Task item: Go through the listing below and retype exactly the lines starting at the one with "Кровать-чердак Амстердам 120" and ending at the one with "Talbots Top Women", skipping pictures.

Dataset excerpts:
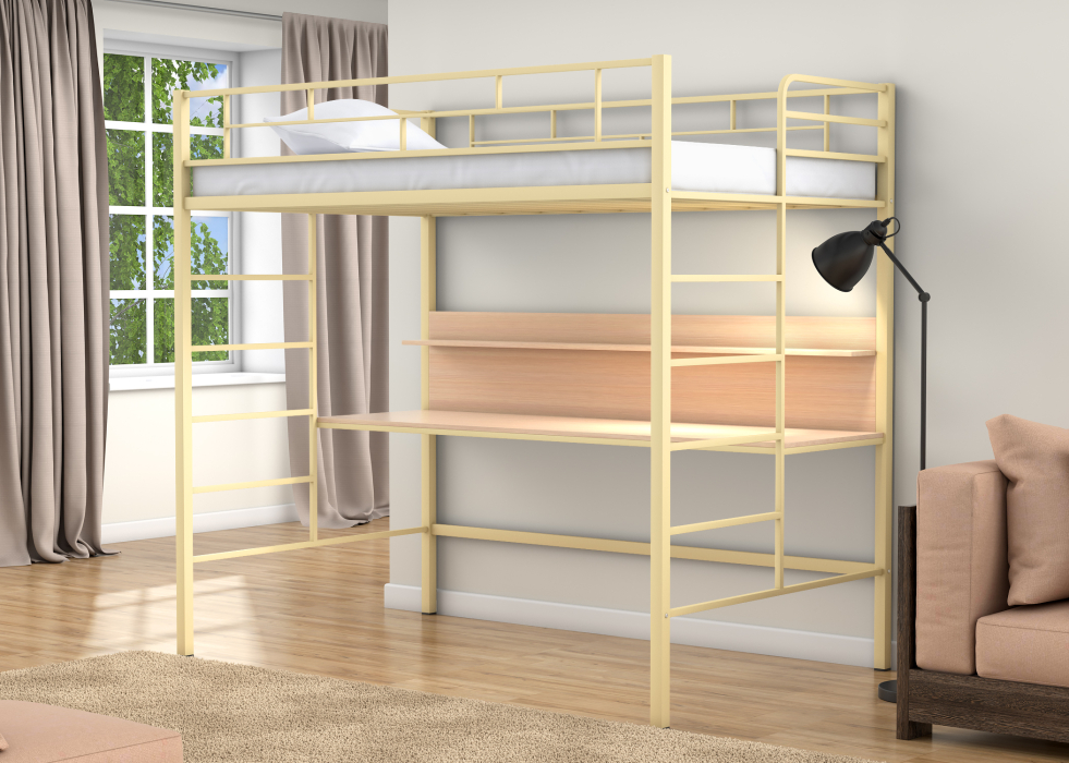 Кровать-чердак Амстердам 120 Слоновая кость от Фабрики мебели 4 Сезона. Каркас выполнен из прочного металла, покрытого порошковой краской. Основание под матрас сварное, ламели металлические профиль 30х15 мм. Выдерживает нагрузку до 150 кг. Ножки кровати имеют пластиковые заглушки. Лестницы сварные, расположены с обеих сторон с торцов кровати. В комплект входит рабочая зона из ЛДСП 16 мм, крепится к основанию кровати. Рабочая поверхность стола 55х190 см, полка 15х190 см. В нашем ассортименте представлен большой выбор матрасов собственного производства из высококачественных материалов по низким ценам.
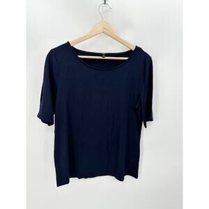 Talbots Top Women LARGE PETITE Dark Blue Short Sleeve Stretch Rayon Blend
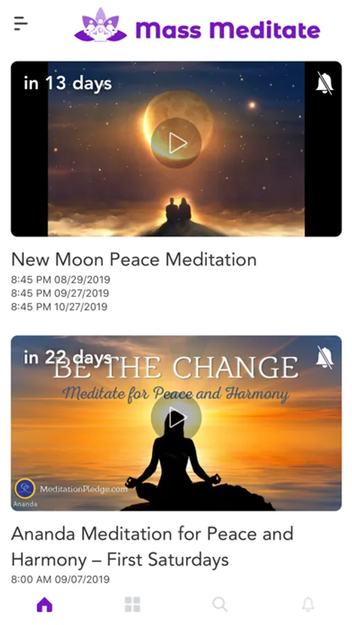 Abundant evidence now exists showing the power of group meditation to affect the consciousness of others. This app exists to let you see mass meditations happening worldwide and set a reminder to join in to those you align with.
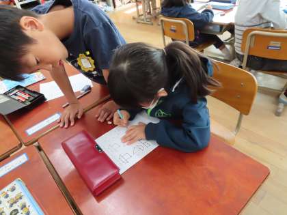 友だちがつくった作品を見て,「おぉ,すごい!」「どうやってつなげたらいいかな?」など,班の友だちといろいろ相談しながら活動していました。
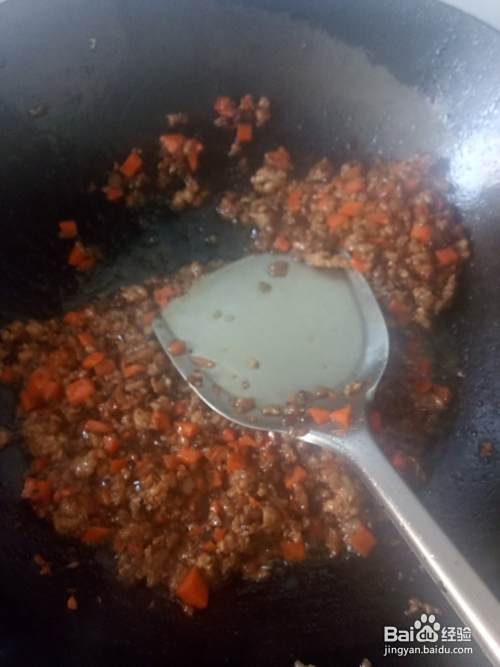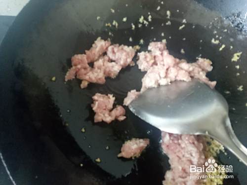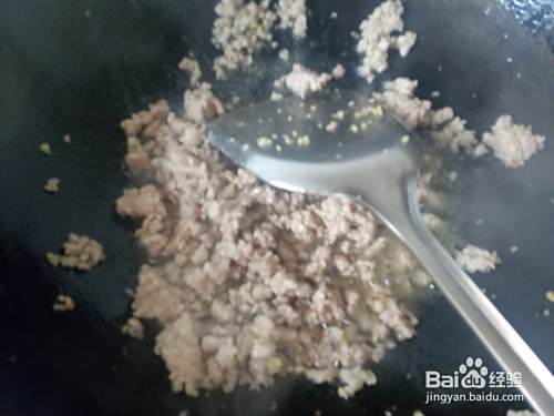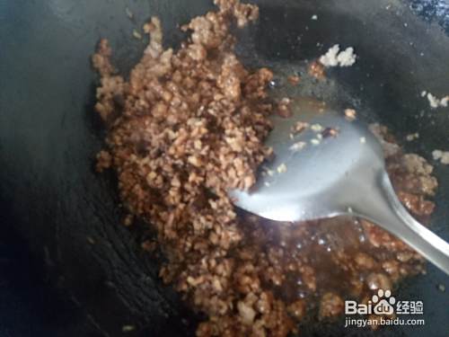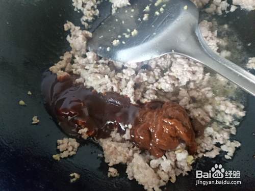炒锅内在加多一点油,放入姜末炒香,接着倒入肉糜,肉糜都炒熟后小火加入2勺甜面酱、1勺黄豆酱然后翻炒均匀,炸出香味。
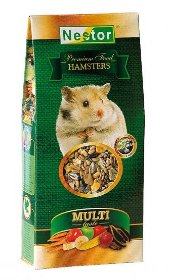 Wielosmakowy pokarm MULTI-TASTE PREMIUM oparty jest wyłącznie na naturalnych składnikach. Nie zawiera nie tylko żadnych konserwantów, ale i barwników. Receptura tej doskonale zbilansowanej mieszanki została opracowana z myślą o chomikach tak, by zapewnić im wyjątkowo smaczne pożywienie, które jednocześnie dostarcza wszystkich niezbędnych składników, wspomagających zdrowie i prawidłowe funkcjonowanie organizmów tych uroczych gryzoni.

--

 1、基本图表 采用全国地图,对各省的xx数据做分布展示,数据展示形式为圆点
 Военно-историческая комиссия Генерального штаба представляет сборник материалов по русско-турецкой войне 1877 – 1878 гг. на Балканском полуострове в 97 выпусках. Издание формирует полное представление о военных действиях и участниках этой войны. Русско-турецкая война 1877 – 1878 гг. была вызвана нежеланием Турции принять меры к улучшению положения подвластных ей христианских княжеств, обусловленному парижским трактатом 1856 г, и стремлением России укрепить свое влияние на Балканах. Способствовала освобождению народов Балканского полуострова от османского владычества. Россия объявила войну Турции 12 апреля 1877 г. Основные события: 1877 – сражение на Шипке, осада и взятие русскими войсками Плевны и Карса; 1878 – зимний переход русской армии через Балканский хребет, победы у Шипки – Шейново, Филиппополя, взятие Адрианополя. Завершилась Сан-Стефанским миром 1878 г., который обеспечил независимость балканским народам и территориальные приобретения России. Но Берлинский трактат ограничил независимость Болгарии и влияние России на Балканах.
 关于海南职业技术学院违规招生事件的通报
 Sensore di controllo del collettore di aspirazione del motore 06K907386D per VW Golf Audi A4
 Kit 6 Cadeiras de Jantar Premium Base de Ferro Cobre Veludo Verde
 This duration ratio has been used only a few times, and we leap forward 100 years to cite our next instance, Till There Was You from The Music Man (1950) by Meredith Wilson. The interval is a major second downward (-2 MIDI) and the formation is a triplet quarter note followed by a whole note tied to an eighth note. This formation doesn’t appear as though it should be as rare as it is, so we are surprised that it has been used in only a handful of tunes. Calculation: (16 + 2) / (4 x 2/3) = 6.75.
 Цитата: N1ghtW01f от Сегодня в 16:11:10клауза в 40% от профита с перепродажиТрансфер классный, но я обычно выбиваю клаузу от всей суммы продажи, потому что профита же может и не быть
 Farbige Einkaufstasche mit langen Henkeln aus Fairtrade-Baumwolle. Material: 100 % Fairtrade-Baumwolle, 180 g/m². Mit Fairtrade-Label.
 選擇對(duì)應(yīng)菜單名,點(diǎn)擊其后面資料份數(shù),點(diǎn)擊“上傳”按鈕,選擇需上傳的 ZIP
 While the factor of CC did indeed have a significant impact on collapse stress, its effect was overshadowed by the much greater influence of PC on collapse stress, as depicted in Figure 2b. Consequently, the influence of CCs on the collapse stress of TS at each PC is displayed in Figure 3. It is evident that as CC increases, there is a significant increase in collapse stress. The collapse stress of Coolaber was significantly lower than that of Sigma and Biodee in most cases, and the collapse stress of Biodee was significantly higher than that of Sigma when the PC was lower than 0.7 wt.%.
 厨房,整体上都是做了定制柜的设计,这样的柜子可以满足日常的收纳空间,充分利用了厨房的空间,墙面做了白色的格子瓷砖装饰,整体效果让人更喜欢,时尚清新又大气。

Result of this exercise:
 Кровать-чердак Амстердам 120 Слоновая кость от Фабрики мебели 4 Сезона. Каркас выполнен из прочного металла, покрытого порошковой краской. Основание под матрас сварное, ламели металлические профиль 30х15 мм. Выдерживает нагрузку до 150 кг. Ножки кровати имеют пластиковые заглушки. Лестницы сварные, расположены с обеих сторон с торцов кровати. В комплект входит рабочая зона из ЛДСП 16 мм, крепится к основанию кровати. Рабочая поверхность стола 55х190 см, полка 15х190 см. В нашем ассортименте представлен большой выбор матрасов собственного производства из высококачественных материалов по низким ценам.
 Talbots Top Women LARGE PETITE Dark Blue Short Sleeve Stretch Rayon Blend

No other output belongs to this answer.